Crônicas do cotidiano: Regredimos ao Tratado de Tordesilhas

Pois é, falaram tanto em reindustrialização com base na bioindústria e numa nova matriz industrial. Falaram tanto em matriz energética limpa com biomassa e aproveitamento hidroelétrico de nossas possibilidades. Falaram tanto em Amazônia como a nova grife, capaz de fornecer não só os insumos para uma produção industrial limpa, mas, também, para melhorar qualidade de vida dos amazônidas e brasileiros em geral. Falaram tanto que este seria o momento da Amazônia: a sua inserção no mercado mundial como reserva ecológica do planeta sequestrando carbono, limpando o ar contaminado pela industrialização movida a combustíveis fósseis; fornecendo a água dos seus rios voadores e garantindo a produção de alimentos e commodities ao agro brasileiro. Falaram tanto na excelência do bioma que guarda a maior biodiversidade do mundo e, se conhecido e explorado adequadamente, seria fonte de riquezas a revolucionar a ciência, a curar doença e pessoas, bem como fornecer novos alimentos de qualidade. Falaram tanto e convidaram o mundo inteiro para a grande conferência mundial sobre a situação do clima no mundo e a sustentabilidade do planeta, a COP30 (nov.2025), a realizar-se em Belém do Pará. E os nossos olhos brilharam e nos conectamos às virtualidades engenhosas do poder que nos acenava. Ledo engano!

 

Nos enganam mais uma vez e descaradamente! Nossos algozes já estão definindo os papéis dos futuros atores: os contabilistas da grana de sequestro de carbono; os lobistas dos novos negócios com dinheiro público do orçamento de ciência e tecnologia; definindo as instituições de excelência  que se tornarão sede da investigação científica; as universidades que formarão os pesquisadores que porão em funcionamento as novas cadeias produtivas geradas pelo novo bioma; o locus das indústrias de valor agregado aos novos produtos; os entrepostos de coleta e o treinamento da mão de obra “cata coquinho” (“novos povos da floresta”), os modernos “capitães do mato” para nos  vigiar sob o olho eletrônico, modernos “Coronéis do Extrativismo”. Que falta de vergonha!
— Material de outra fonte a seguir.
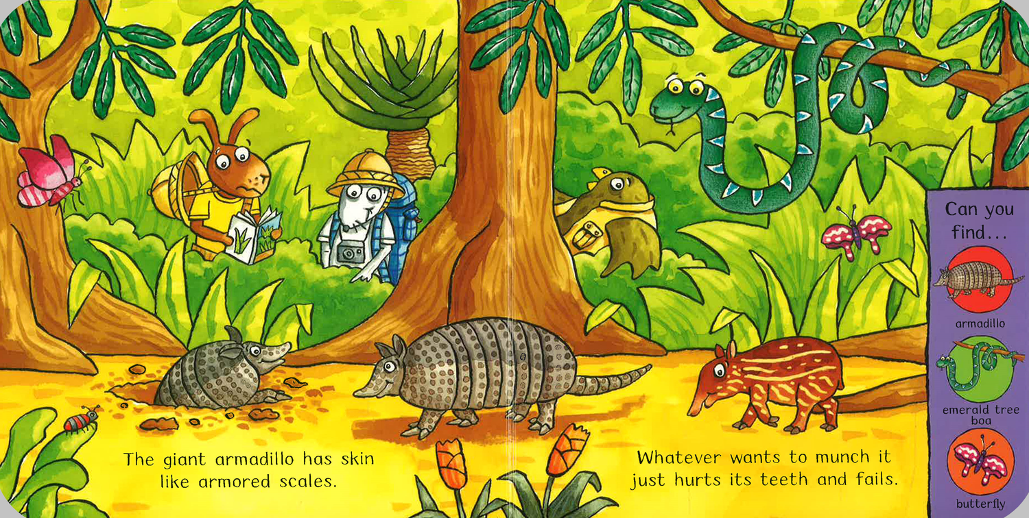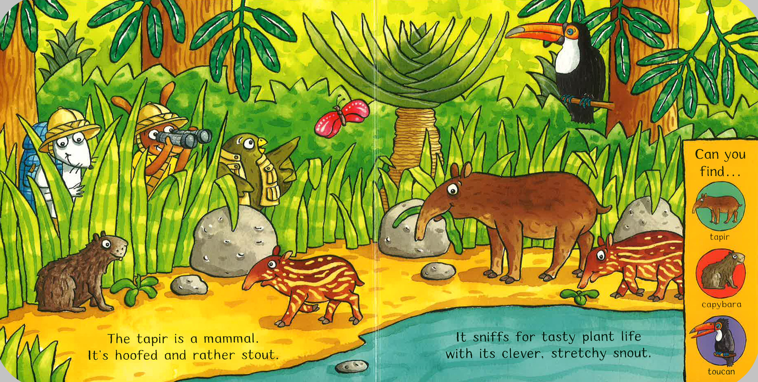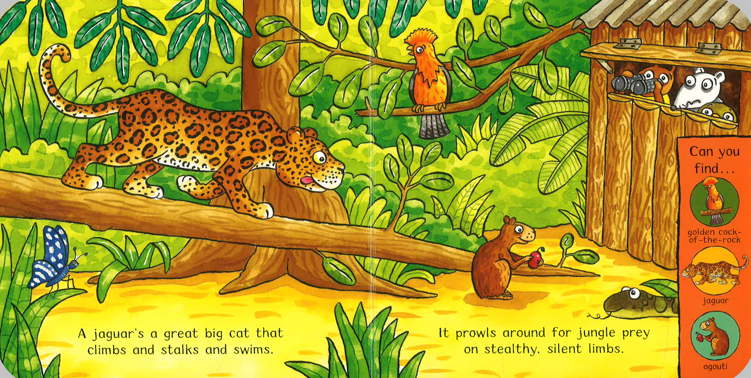 From spider monkeys swingling through the trees to a silky anteater on the prowl for a tasty meal, there's a different animal on every spread, plus many additional creatures to spot along the way!

Isso por que tudo de bom, tudo de novo, tudo que pode enriquecer, só pode caber naquele Brasil que foi definido pelo Tratado de Tordesilhas (1494) no começo da colonização. O Brasil que nasceu do outro lado do meridiano traçado à 370 léguas de Cabo Verde, mesmo conquistado por Pombal para Portugal, devassado pelos genocidas conhecidos como Bandeirantes e tomado a força pelos mercenários contratados pelo Império, foi incorporado como Colônia e, assim, os brasileiros do lado de lá o querem para sempre, para o gozo de todos os seus maus instintos e preconceitos.

 

E porque falo dessas coisas? Seria por desilusão? Por um ódio cabano incorporado? Um pouco sim e racionalmente não! Já vivemos o necessário para saber que o “Brasil de Tordesilhas” não nos reconhece fraternalmente e sempre destruiu todos os nossos modelos de desenvolvimento econômico e social que lhe fizeram ou fazem sombra. Se locupleta o quanto pode e depois os destrói como um colonizador inveterado. Foi assim com a Cultura Cacaueira, com Ciclo da Borracha, foi assim com Agroindústria Primitiva Extrativista, tem sido assim com a Zona Franca de Manaus, que vive pendurada em prorrogações vexatórias e será assim com essa farsa da bioindústria. O que nos daria autonomia e desenvolvimento sustentável começou com a aposta que as três últimas gerações de amazônidas fizeram em busca de conhecimento para criar e desenvolver nossas Universidades e criar Centros de Pesquisa na esperança de que receberiam os investimentos necessários e a atenção devida; que multiplicariam a massa crítica necessária ao Desenvolvimento Regional Sustentado. Todos os nossos esforços podem ir água abaixo: encontra-se na mesa do Senhor Ministro da Educação, deste Governo, aprovado pelo Conselho Nacional de Educação e  apoiado pela Diretoria da CAPES, a resolução que selecionará as Universidades de Elite Brasileiras, e somente elas terão autonomia para criar e gerir os novos cursos de Mestrado e Doutorado. Todas  elas ficam no lado privilegiado do Tratado de Tordesilhas. Quem quiser ser mestre ou doutor que vá para o sudeste e sul maravilhas. Eles querem todo o dinheiro público do orçamento da ciência e da tecnologia para manter o cabresto da colonização econômica, científica e cultural.



Jornalista Profissional.

Professor Emérito e ex-reitor da Universidade Federal do Amazonas.

Manaus (AM), 16/8/2024.

*Toda sexta-feira publica no site EPCC suas Crônicas do cotidiano.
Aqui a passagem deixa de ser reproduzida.